Hoe kon ze Soraya bereiken? Ze klapte haar telefoon open en belde het hoofdkwartier van Typhon. De directeur, zo kreeg ze te horen, verbleef in het buitenland. Toen ze vertelde hoe urgent haar telefoontje was, vroeg men haar even aan de lijn te blijven. Iets meer dan zestig seconden later was de telefonist alweer aan de lijn.
‘Geeft u mij het nummer waar directeur Moore u kan bereiken,’ zei hij.
Moira dicteerde haar mobiele nummer en verbrak de verbinding, in de vaste verwachting dat haar verzoek verloren zou gaan in de wirwar van bureaucratische rompslomp en andere berichten waar Soraya’s elektronische postvak wel voortdurend door overstroomd zou worden. Ze was dan ook verbijsterd toen er na tien minuten een logo op het schermpje verscheen dat een oproep uit het buitenland aankondigde.
Ze hield de telefoon tegen haar oor. ‘Hallo?’
‘Moira? Je spreekt met Soraya Moore. Waar ben je? Zit je in de problemen?’
Moira lachte van opluchting toen ze de stem van de andere vrouw hoorde. ‘Ik ben in D.C. en ja, ik heb in de problemen gezeten, maar dat is over. Luister, ik heb nieuws voor je.’ Snel en methodisch deed ze verslag, van wat ze wist over de moord op Jay Weston, en de moord – dat wist ze nu zeker – op Steve Stevenson, plus de dood van Ronnie Hart. ‘Het komt allemaal uit bij het softwareprogramma dat Noah Perlis besteld heeft.’ Vervolgens beschreef ze de werking van Bardem, hoe ze aan een kopie was gekomen, en wat dat onthulde over de plannen van Black River om de Iraanse olievelden te confisqueren.
‘Wat ik me niet kan voorstellen is dat zo’n complex plan is opgezet na de terroristische aanslag op dat vliegtuig bij Caïro.’
‘Dat is ook niet zo,’ zei Soraya. ‘Ik ben op dit moment in Khartoum en ik zal je nu uitleggen waarom.’ En ze vertelde Moira wat zij en Amun Chalthoum hadden ontdekt over de Iraanse Kowsar 3-raket en over het vierkoppige Amerikaanse commando dat de raket over de Soedanese grens naar Egypte had gesmokkeld. ‘Dus het is ook veel groter dan alleen Black River en bepaalde elementen binnen de regering. Zelfs Noah dringt zonder hulp van de Russen niet door tot Nikolai Yevsen.’
Moira begreep nu waarom niemand zich druk maakte over de illegale landjepik van de olievelden. Als de Russen betrokken waren bij operatie Pinprick dan zouden zij de aandacht van de wereldwijde publieke opinie in de juiste richting weten af te buigen.
‘Moira,’ zei Soraya nu, ‘die vier mannen hebben we gevonden in de buurt van Khartoum. Ze waren één keer in het hoofd geschoten, als een executie, en de lijken zijn gedumpt in ongebluste kalk. Maar we wisten van alle vier iets vreemds te redden. Het ziet eruit als hondenpenningen, maar de tekst erop is gecodeerd.’

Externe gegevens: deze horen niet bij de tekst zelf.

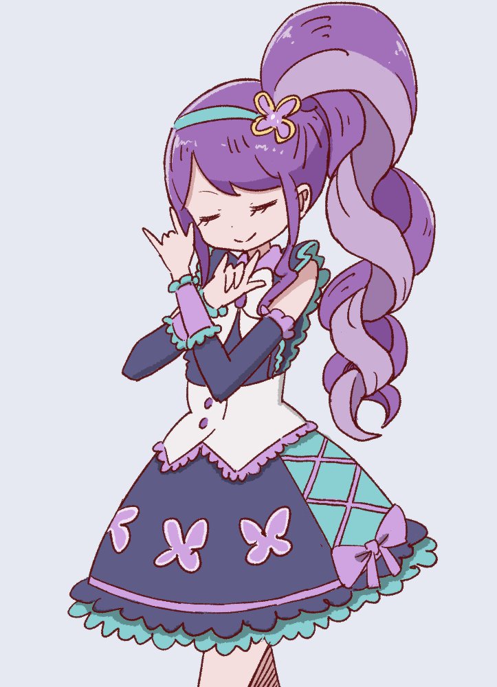 1girl blue_hairband bow closed_eyes closed_mouth commentary_request cowboy_shot crossed_arms detached_sleeves facing_viewer grey_background hairband hands_up idol_clothes junon_(pripara) long_hair long_sleeves multicolored_hair oosawa_(azeeee73) pretty_series pripara purple_bow purple_hair side_ponytail sidelocks simple_background smile solo standing streaked_hair
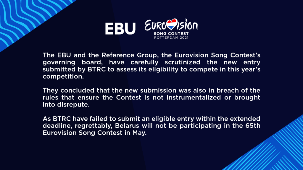 Moments ago, the European Broadcasting Union published a statement regarding the participation of Belarus at the 2021 Eurovision Song Contest. You can read it in full here:
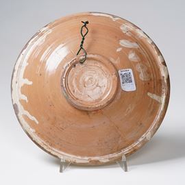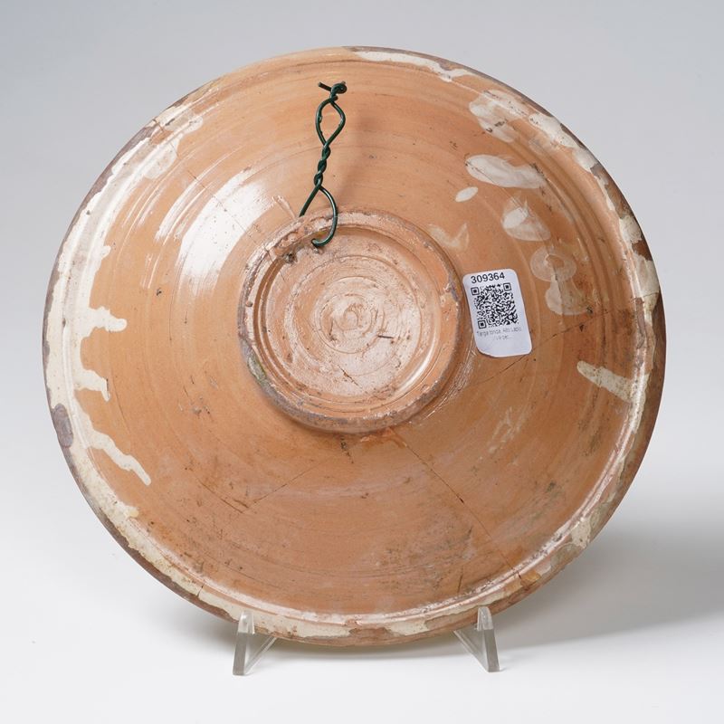 Maiolica policroma a gran fuoco. Diametro cm 27,6. Conservazione: rotto in quattro frammenti e ricomposto.

Moira hoorde haar hart door haar borst bonken. ‘Dat klinkt als de identificatieplaatjes die Black River meegeeft aan hun medewerkers te velde.’
‘Dan zouden we kunnen bewijzen dat personeel van Black River die raket heeft afgevuurd. We zouden die onbekookte en zelfzuchtige oorlog kunnen tegenhouden.’

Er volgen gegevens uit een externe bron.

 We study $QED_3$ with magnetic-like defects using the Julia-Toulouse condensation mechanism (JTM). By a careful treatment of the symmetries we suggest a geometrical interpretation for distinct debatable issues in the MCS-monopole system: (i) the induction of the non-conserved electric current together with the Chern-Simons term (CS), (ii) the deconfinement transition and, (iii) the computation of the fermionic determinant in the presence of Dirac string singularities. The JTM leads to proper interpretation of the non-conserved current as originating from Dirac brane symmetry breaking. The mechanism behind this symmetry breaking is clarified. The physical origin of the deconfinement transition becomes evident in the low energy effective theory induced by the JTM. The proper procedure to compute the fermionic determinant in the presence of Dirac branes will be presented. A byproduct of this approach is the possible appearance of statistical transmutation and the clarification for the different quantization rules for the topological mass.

‘Ik moet ze zien om het zeker te weten,’ zei Moira.
‘Ik stuur ze per koerier naar je toe,’ zei Soraya. ‘Mijn kameraad hier zegt dat hij ervoor kan zorgen dat je ze morgenochtend hebt.’
‘Dat zou fantastisch zijn. Als ze inderdaad zijn wat we nu denken, dan kan ik ze binnen een paar uur laten onderzoeken. Ik moet er alleen voor zorgen dat ze niet in verkeerde handen vallen.’

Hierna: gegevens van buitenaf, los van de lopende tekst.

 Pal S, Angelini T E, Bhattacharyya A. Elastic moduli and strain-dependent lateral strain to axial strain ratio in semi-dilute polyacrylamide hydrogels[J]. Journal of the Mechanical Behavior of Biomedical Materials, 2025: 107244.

‘Vermijd in elk geval CI,’ zei Soraya. ‘Er is een nieuwe directeur, M. Errol Danziger. Hoewel zijn benoeming nog niet officieel is aangekondigd, heeft hij de zaak al overgenomen en hij is de man van minister Halliday.’ Ze haalde even adem. ‘Heb je bescherming nodig? Ik kan binnen twintig minuten mijn mensen bij je hebben, waar je ook bent.’
‘Heel erg bedankt, maar voorlopig is het maar beter dat zo min mogelijk mensen weten waar ik zit.’
‘Begrepen.’ Er volgde nu een wat langere pauze. ‘Ik heb de laatste tijd veel over Jason nagedacht.’
‘Ik ook.’ Moira bedacht hoe blij ze was dat Jason dit allemaal niet mee hoefde te maken. Hij had tijd nodig om te helen, lichamelijk en geestelijk. Op een haar na sterven was niet iets waar je in een paar weken of maanden overheen kwam.
‘Er valt veel over hem te herinneren.’ Een halve wereld verder bedacht Soraya dat ze Jason meteen na dit gesprek op zou bellen om hem bij te praten.
‘Dat delen we toch?’
‘Vergeet hem niet, Moira,’ zei Soraya vlak voor ze de verbinding verbrak.